Slaughter v. Ronde

390 F. Supp. 637, 1974 U.S. Dist. LEXIS 6798
CourtDistrict Court, S.D. Georgia
DecidedSeptember 11, 1974
DocketCiv. A. 3151
StatusPublished
Cited by24 cases

This text of 390 F. Supp. 637 (Slaughter v. Ronde) is published on Counsel Stack Legal Research, covering District Court, S.D. Georgia primary law. Counsel Stack provides free access to over 12 million legal documents including statutes, case law, regulations, and constitutions.

Bluebook
Slaughter v. Ronde, 390 F. Supp. 637, 1974 U.S. Dist. LEXIS 6798 (S.D. Ga. 1974).

Opinion

OPINION AND ORDER

FINDINGS OF FACT AND CONCLUSIONS OF LAW

LAWRENCE, Chief Judge.

I. The Litigation

This is an action brought under general admiralty and maritime law by a longshoreman seriously injured while working aboard the S.S. “Ronde” which was taking in cargo at the ITC docks at Savannah. The defendants are the vessel and her owner, Fyffes Group Ltd. 1

The injury to plaintiff occurred when he and other employees of Straehan Shipping Company were moving a heavy roll of linerboard into the storage position in a tween-decks hold. In some way, Slaughter was pinned between the roll and a stanchion located at a comer of the “square of the hatch”. His injuries permanently incapacitated him for further work as a longshoreman.
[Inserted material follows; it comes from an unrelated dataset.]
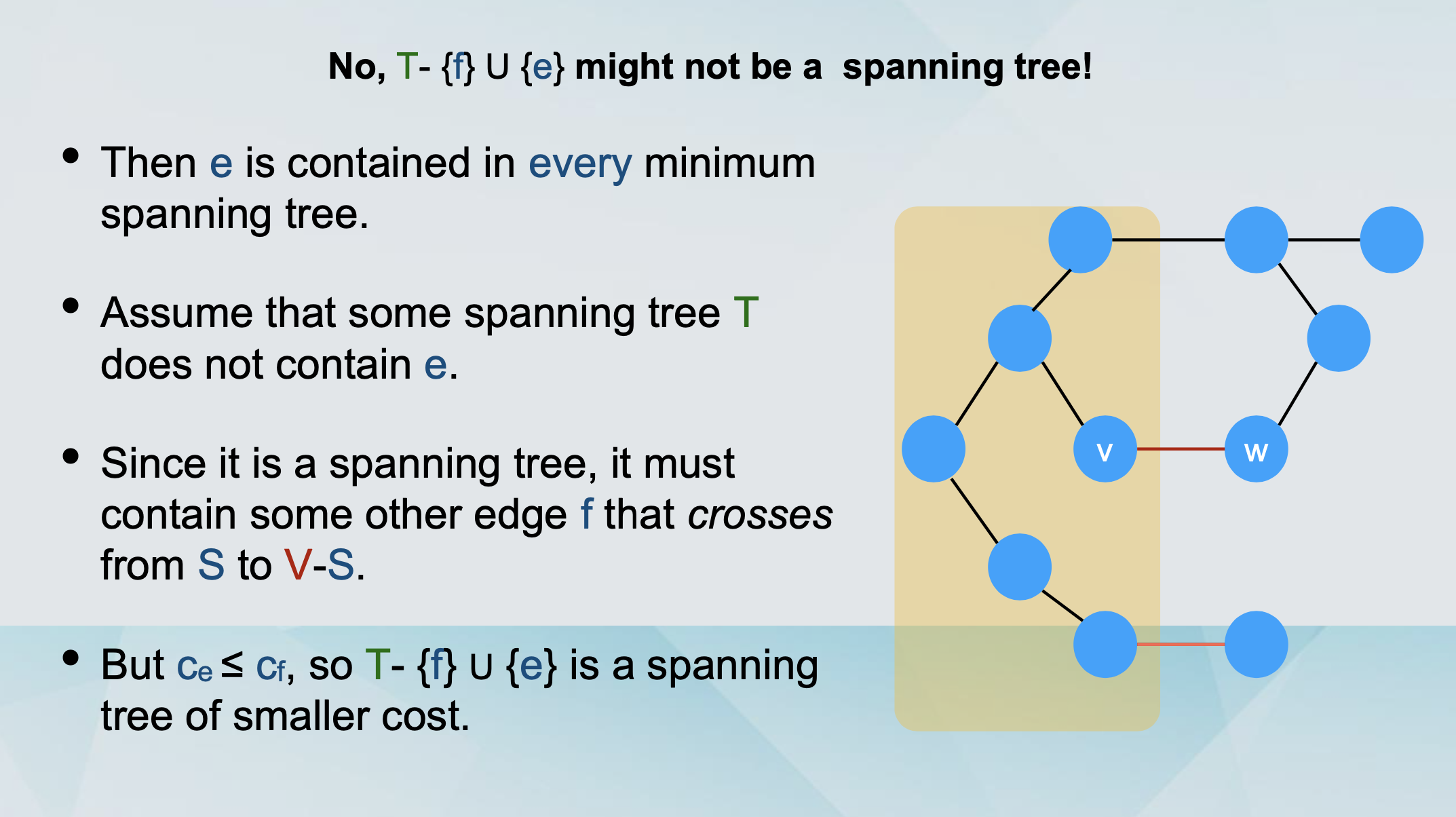 (V, T-{e}) is a valid solution, and it is cheaper. Contradiction!

Plaintiff was injured on January 25, 1973, which was after the effective date of the 1972 amendment to the Longshoremen’s and Harbor Workers’ Compensation Act abolishing the sixteen-year-old doctrine enunciated by the Supreme Court in Ryan Stevedoring Co., Inc. v. Pan-Atlantic Steamship Corp., 350 U.S. 124, 76 S.Ct. 232, 100 L.Ed. 133. Under the Ryan rule a longshoreman injured while working aboard a vessel was accorded the benefit of the same implied warranty of shipworthiness to which a seaman was entitled. The so-called “Sieracki seaman” (Seas *639 Shipping Co., Inc. v. Sieracki, 328 U.S. 85, 66 S.Ct. 872, 90 L.Ed. 1099) no longer has a right of action against the vessel “based upon the warranty of seaworthiness or a breach thereof at the time the injury occurred”. The injured longshoreman can now sue the vessel only for negligence. See 33 U.S.C. § 905(b).
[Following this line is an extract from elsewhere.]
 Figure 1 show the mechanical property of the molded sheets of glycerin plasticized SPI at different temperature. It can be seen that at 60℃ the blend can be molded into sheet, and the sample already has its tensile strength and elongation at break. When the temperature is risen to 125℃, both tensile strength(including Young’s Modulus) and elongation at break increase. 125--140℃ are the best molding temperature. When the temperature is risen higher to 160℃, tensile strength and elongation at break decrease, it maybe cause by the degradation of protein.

The present action began as a typical SieracM-type claim with allegations of unseaworthiness and negligence. On motion of the defendants, the allegation as to unseaworthiness was stricken. The ease proceeded to trial before the Court without a jury on the theory of negligence by the shipowner in failing to furnish plaintiff a safe place to work. Plaintiff contends that the raised hatch-cover in hold No. 2 of the tween-deck to which the rolls of the linerboard were lowered in conjunction with the considerable listing of the ship and the uneven condition of the wooden “gratings” or “slats” that overlay the decking 2 caused the heavy linerboard roll to get out of control and to twist around or angle with the result that plaintiff was pinned against a stanchion.

The case was tried on August 15th-16th. The testimony presented by the plaintiff consisted, in addition to himself, of that of two physician witnesses and six longshoremen who were working in the hold at the time of the injury. The “header” of the gang testified as the “Court’s witness”. The defendants’ witnesses included the Chief Officer of the vessel, the Stevedore Foreman of Strachan Shipping Company, the official in charge of terminal operations and an expert witness on the subject of cargo storage.

II. Discussion of Law

The purpose and the effect of the 1972 amendments to the Longshoremen’s and Harbor Workers’ Compensation Act are clearly blueprinted, in length and detail, in the Report of the Committee, House of Representatives, which considered the proposed legislation. “The purpose of the amendments,” it states, “is to place an employee injured aboard a vessel in the same position he would be if he were injured in non-maritime employment ashore, insofar as bringing a third party damage action is concerned, and not to endow him with any special maritime theory of liability or cause of action under whatever judicial nomenclature it may be called, such as ‘unseaworthiness’, ‘nondelegable duty’, or the like.” However, while persons to whom compensation is payable under the Act no longer may bring a damage suit against the vessel or its owner under the judicially-enacted doctrine of unseaworthiness, they still have the right to recover damages for negligence.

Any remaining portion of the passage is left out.